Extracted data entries
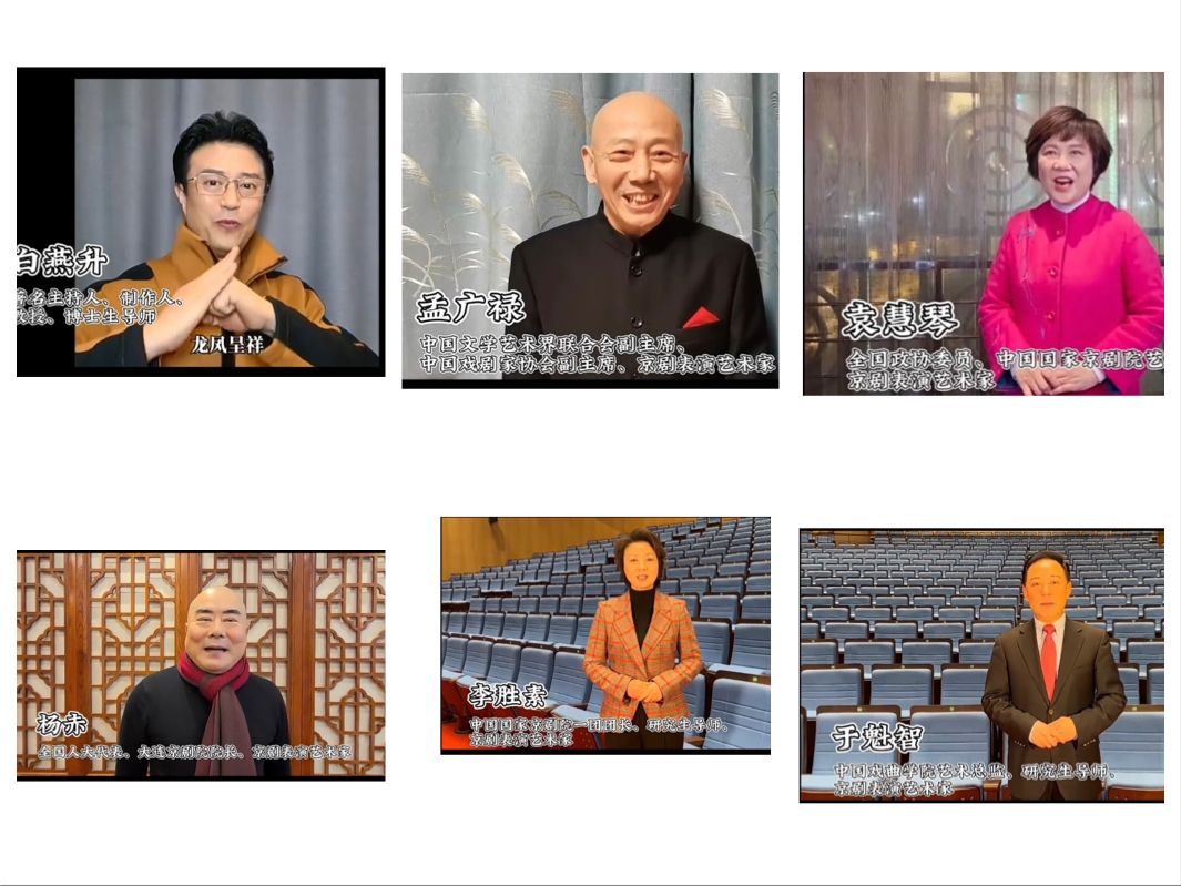 另外,发来贺词的名家有:著名主持人、制作人、教授、博士生导师白燕升;中国文学艺术界联合会副主席、中国戏剧家协会副主席、京剧表演艺术家孟广禄;全国政协委员、中国国家京剧院艺术总监、京剧表演艺术家袁慧琴;全国人大代表、大连京剧院院长、京剧表演艺术家杨赤;中国国家京剧院一团团长、研究生导师、京剧表演艺术家李胜素和中国戏曲学院艺术总监、研究生导师、京剧表演艺术家于魁智。
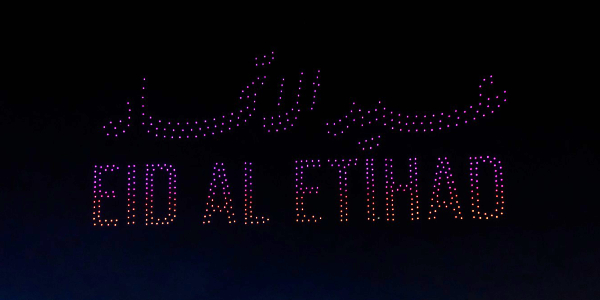 في 1 و2 ديسمبر عند الساعة 9 مساءً بعد الألعاب النارية مباشرة، شاهدوا السماء تتحول للوحة فنية عن طريق عروض الدرون المذهلة احتفالاً بروح الاتحاد.
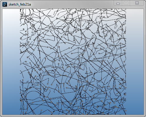 add_library('igeo') def setup() : size(480, 360, IG.GL) IG.duration(800) for i in range(200) : MyBoid(IRand.pt(1,1,0),IRand.pt(-0.01,-0.01,0,0.01,0.01,0)) IG.top() #only showing the top view IG.focus() #focusing into existing geometries class MyBoid(IBoid) : def __init__(self, pos, vel) : IBoid.__init__(self,pos,vel) self.cohesionDist(0.03) self.cohesionRatio(1) self.separationDist(0.04) self.separationRatio(2) self.alignmentDist(0.03) self.alignmentRatio(0) def interact(self, agents) : for agent in agents : if agent is self : return if isinstance(agent, MyBoid) : dist = self.pos().dist(agent.pos()) if dist < 0.08 : if IG.time()%15==0 : ICurve(self.pos().cp(),agent.pos().cp()).clr(0) def update(self) : if self.pos().x() < 0.0 : self.pos().add(1, 0, 0) elif self.pos().x() > 1.0 : self.pos().sub(1, 0, 0) if self.pos().y() < 0.0 : self.pos().add(0, 1, 0) elif self.pos().y() > 1.0 : self.pos().sub(0, 1, 0)
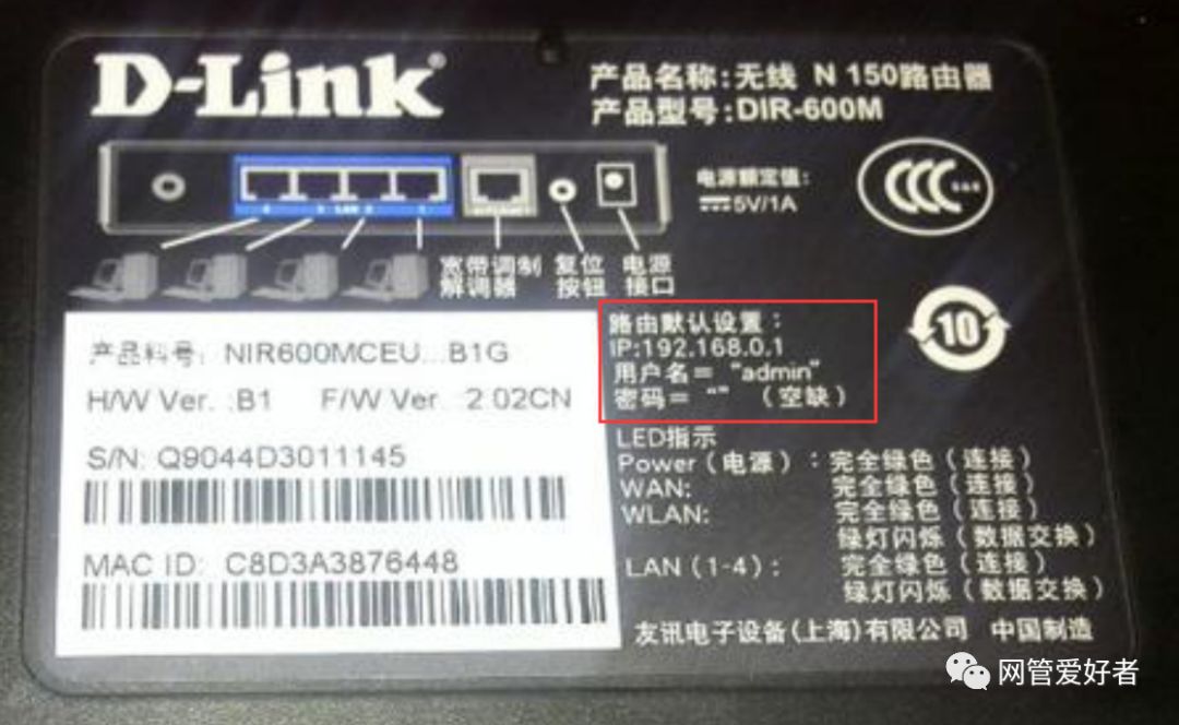 D-Link无线路的反面
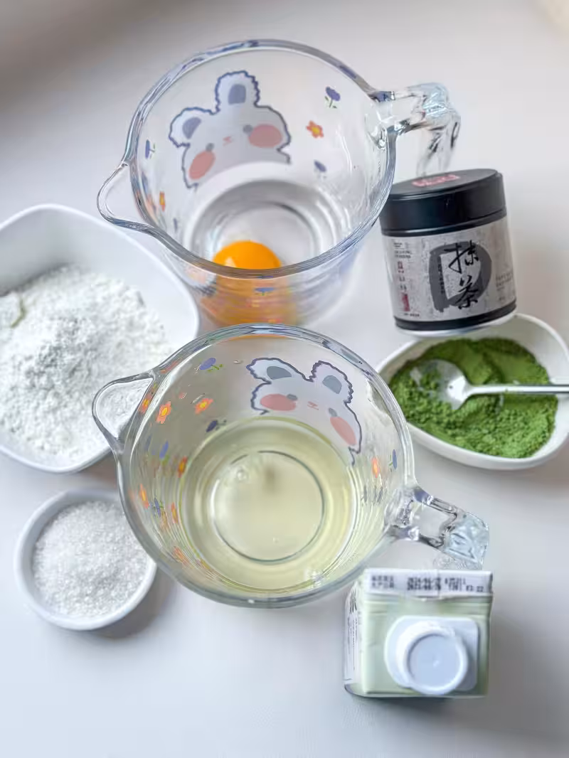 🔅食材:雞蛋1個、低筋粉50g、抹茶粉6g、白糖15g、牛奶60g
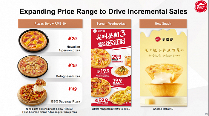 “这(指50元以下披萨)在整个披萨市场中占据了非常重要的份额。我们现在提供的披萨中,大约20%的价格是低于50元的。但这还不够,我们还可以做得更多。目前,必胜客未能充分满足这一市场,而通过丰富我们的低价披萨产品,我们可以抓住这一巨大机会。”屈翠容说。

- _Work instruction_: Stop after the line containing "في 1 و2 ديسمبر": copy the records exactly from the first line up to there, leaving pictures out.

- _Answer section_:
 另外,发来贺词的名家有:著名主持人、制作人、教授、博士生导师白燕升;中国文学艺术界联合会副主席、中国戏剧家协会副主席、京剧表演艺术家孟广禄;全国政协委员、中国国家京剧院艺术总监、京剧表演艺术家袁慧琴;全国人大代表、大连京剧院院长、京剧表演艺术家杨赤;中国国家京剧院一团团长、研究生导师、京剧表演艺术家李胜素和中国戏曲学院艺术总监、研究生导师、京剧表演艺术家于魁智。
 في 1 و2 ديسمبر عند الساعة 9 مساءً بعد الألعاب النارية مباشرة، شاهدوا السماء تتحول للوحة فنية عن طريق عروض الدرون المذهلة احتفالاً بروح الاتحاد.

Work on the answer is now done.